— Получил. Вчера. Через месяц.

Он вышел из дома, солнце сияло вовсю, но на Садовом кольце было ветрено и зябко. Он пошел пешком к Смоленскому бульвару, чтобы договориться в комиссионном насчет продажи мебели. В этот ясный, продутый свежим весенним ветром день все — дома, люди, машины, витрины — виделось особенно резко и выпукло, как в увеличительное стекло. Две девочки прошли навстречу, коленки у них были голые — первые весенние ласточки. Белизна их незагоревших коленок, их раскрасневшиеся от ветра щеки, и беззастенчиво счастливые глаза, и вымытые до блеска по случаю солнечной погоды автомобили, и полыхание стекол в окнах домов — все было таким ослепительным, таким сулящим одну радость и беззаботность и так не вязалось с тем, что произошло с Бенедиктовым и что его ожидало, так несовместимо было, что он вдруг подумал: а что, если и конверт, и ОВИР, и отъезд, и все-все — дурной сон, ничего этого нет, потому что этого не может быть никогда, этого представить себе даже нельзя, господи!..

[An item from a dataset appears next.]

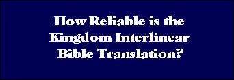 Jehovah's Witnesses believe they have the most accurate translation of the Bible available. They firmly believe this although their New World Translation was done without any Greek or Hebrew scholars. Their Mother Organization, the Watchtower Bible & Tract Society of Brooklyn, New York has promised them accuracy to the original languages, never more so than in the New Testament portion of the Scriptures. They even published two Kingdom Interlinear Translations, (KIT) and made the following promises: "We offer no paraphrase of the Scriptures"..."nearly as possible word for word, the exact statement of the original"...To each major word we have assigned one meaning and have held to that meaning...". (Page 9, 1985 ed.) They further boldly state on page 8 of the same edition, "...There is no benefit in self-deception...those who provide a translation for the spiritual instruction of others come under a special responsibility as teachers before the Divine Judge. Hence we are aware of the need to be careful." But, have they been "careful"? Did they really translate word-for-word in every case, or paraphrase were it suited their own doctrines? Did they really keep to one meaning per word as promised, or have they blatantly tampered with the text? Did the Watchtower "translators" not only engage in self-deception, but deliberately set out to deceive their followers? We'll let the reader decide for himself as we answer the question, "How reliable is the Kingdom Interlinear Translation of the Bible? Since the New World Translation (NWT) is based on the KIT, is it to be trusted, or viewed with suspicion? Let's begin with John 8:58. The NWT Bible reads: "Jesus said to them: "Most truly I say to YOU, Before Abraham came into existence, I have been." This decidedly odd rendering has caused much "tense confusion" to the Watchtower. The footnote in the 1969 purple-cover edition of the KIT states that the "I have been" is "properly rendered in the perfect tense." However, in the l985 Navy-Blue-cover edition, the footnote states that "I have been" is "properly translated by the perfect indicative" (tense).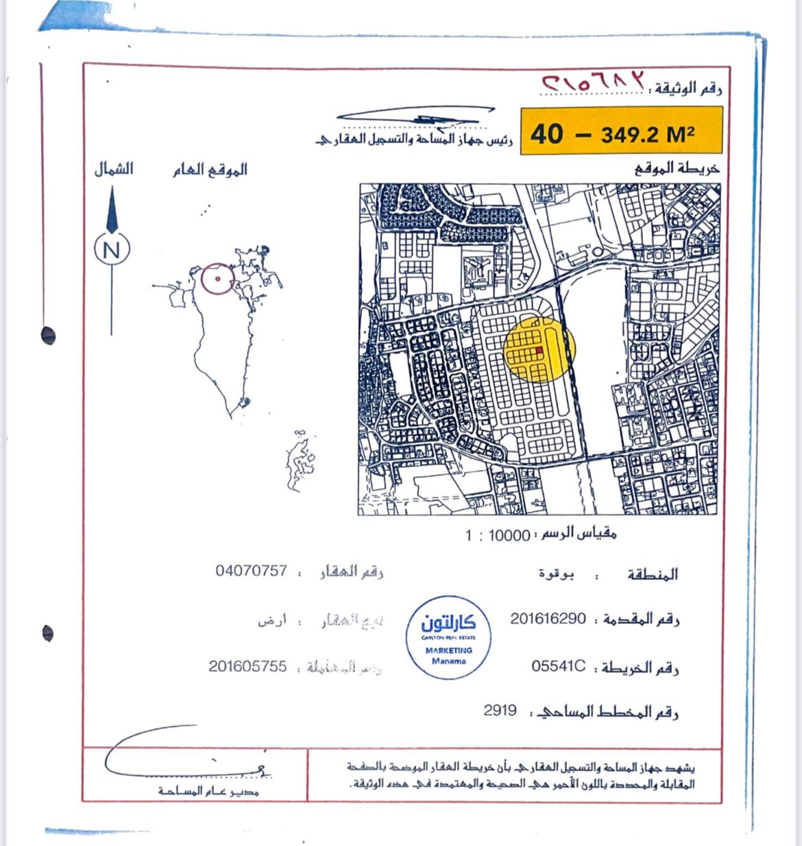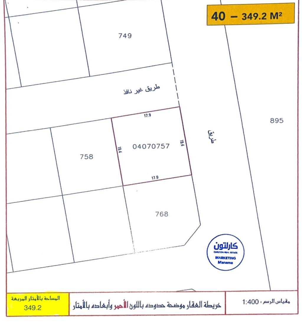 أرض سكنية للبيع في بو قوة بتصنيف RA (سكن خاص - أ) تقع على شارع واحد. مساحة أرض 349.2 متر مربع, بسعر 33.00د.ب لكل قدم مربع , السعر الإجمالي 124,040.070د.ب

Но сговаривался он в комиссионном насчет мебели вполне деловито и сговорился наилучшим образом: оценщик придет завтра, осмотрит мебель, а приедут за нею накануне или за несколько дней до его, Бенедиктова, отъезда, он их поставит в известность, как только купит билет. Товаровед не спросил, отчего оп продает всю обстановку разом, товаровед и сам все просек, у него были умные и плутоватые глаза, он догадывается о причинах этой распродажи оптом, но не позволит себе ни о чем расспрашивать, все будет в лучшем виде, не в его правилах обижать клиента, ну и себя, ясное дело, тоже, — тут он улыбнулся Бенедиктову дружелюбно и заговорщически, — он своего не упустит, но и клиента не обмишулит, — а глаза его цепко ощупывали лицо Бенедиктова: явно русак русаком, стопроцентно, куда же он-то намылился?! — да и мебель у него наверняка модерн-стандарт югославский или гедеэровский, на ней тоже немного башлей набежит, антиквариат-то давно уже весь продан-перепродан, а ведь главный профит в нашей системе именно что от антиквариата, а теперь, у кого он еще есть, такие цены заламывают, что хрен что на нем заработаешь, — но клиенту он все равно поможет чем может, симпатичен ему этот клиент, но неужели — из этих?! «Как насчет отъезда уточните, тут же приедем заберем, деньги, ясное дело, по продаже, хоть кому можете доверенность оставить, а насчет оценки — завтра с двух до пяти, лады? Желаю счастья».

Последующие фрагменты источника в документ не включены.